The enhanced quarterly MEDICC Review, appearing with this issue, intends to make a modest contribution to leveling the playing field by publishing topflight work by Cuban scientists and researchers (and authors from other latitudes) within an international peer review framework. MEDICC Reviewintroduces readers to Cuban scientists and public health professionals making their mark (Concepción Campa, Vicente Vérez, Agustín Lage) and provides analyses of Cuban health program implementation, challenges facing the system, emerging health problems, and Cuba’s extensive and sometimes contentious international role in health (Cuba’s Piece in the Global Health Workforce Puzzle).

“…researchers in the South need to be able to access and contribute to journals published in the North, equally researchers in the North need access to knowledge sources in the South. Bridging this divide is so important that this sharing of knowledge is recognized as a prerequisite for achieving the Millennium Development Goals by 2015.”

-The 10/90 Report on Health Research

Each issue of the journal offers a particular focus – such as the Cuban Experience in Immunization and Vaccine Development. However, articles are not straitjacketed to fit, but rather come from all fields of health and medicine, providing the English-speaking scientific, medical, and public health communities a resource unavailable elsewhere. This fall, we’re glad to join the Council of Science Editors’ initiative bringing together some 230 scientific journals to address the joint themes of poverty and development on October 22nd (see MR Online www.medicc.org/mediccreview).

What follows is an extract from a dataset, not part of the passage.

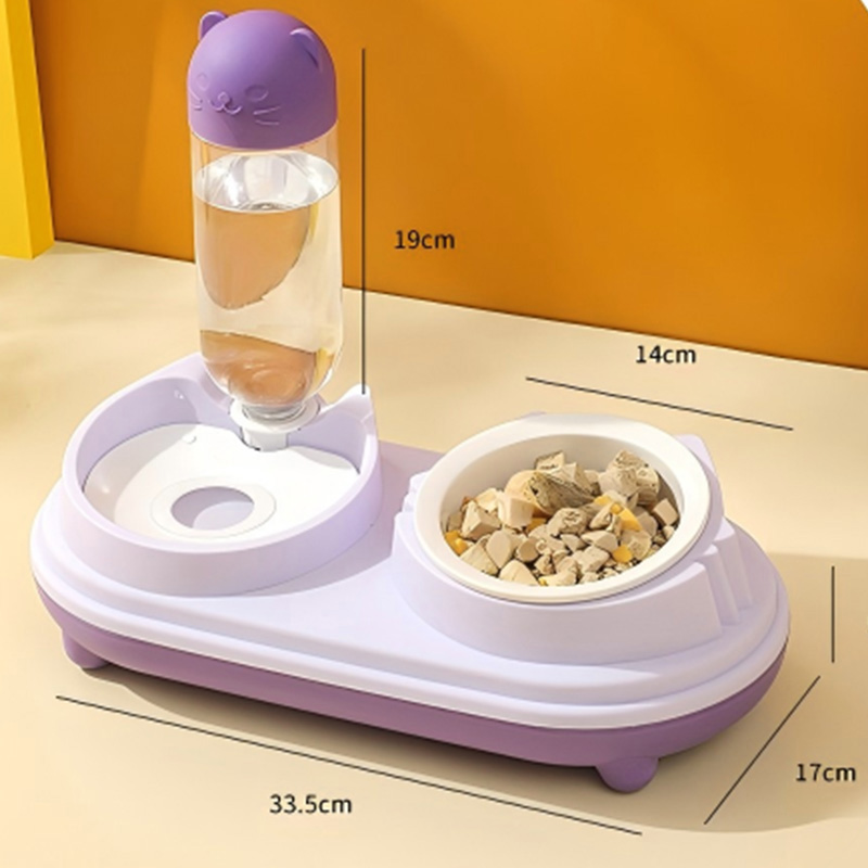 Este cuenco para mascotas está cuidadosamente diseñado con una botella para beber de 19 cm de alto y dos cuencos para alimentos de 14 cm de diámetro, lo que garantiza la comodidad de su mascota durante las horas de alimentación. Su tamaño compacto de 33,5 cm x 17 cm lo hace adecuado para cualquier espacio, desde apartamentos pequeños hasta casas más grandes. Fabricado con materiales de alta calidad, el recipiente es fácil de limpiar y mantener, lo cual es crucial para la salud y la higiene de su mascota. La base resistente evita que se vuelque, lo que garantiza un ambiente seguro para alimentarse y beber para sus amigos peludos.

MEDICC Review‘s expanded Editorial Board constitutes a work-in-progress, and includes highly-regarded educators and health professionals from 12 nations in North America, Latin America, the Caribbean, Europe, and Africa. We take this opportunity to thank them for their contribution, confidence, and wisdom.

To our readers, we encourage you to send us your comments, and to share our vision and our work. There are many great divides yet to bridge.

The Editors

  1. Global Forum for Health Research. The 10/90 Report on Health Research 2003-2004. Geneva.
  2. Lown B, Banerjee A. The developing world in the New England Journal of Medicine. Globalization and Health. 2006:2:3.
  3. Paraje G, Sadana R, Karam G. Increasing international gaps in healthrelated publications. Science. 2005;308:959-60.
  4. Horton R. Medical journals: evidence of bias against the diseases of poverty. Lancet. 2003;361:712-13.

Editors T. Bridging the Global Health Divides. MEDICC Rev. 2007;9(1):0.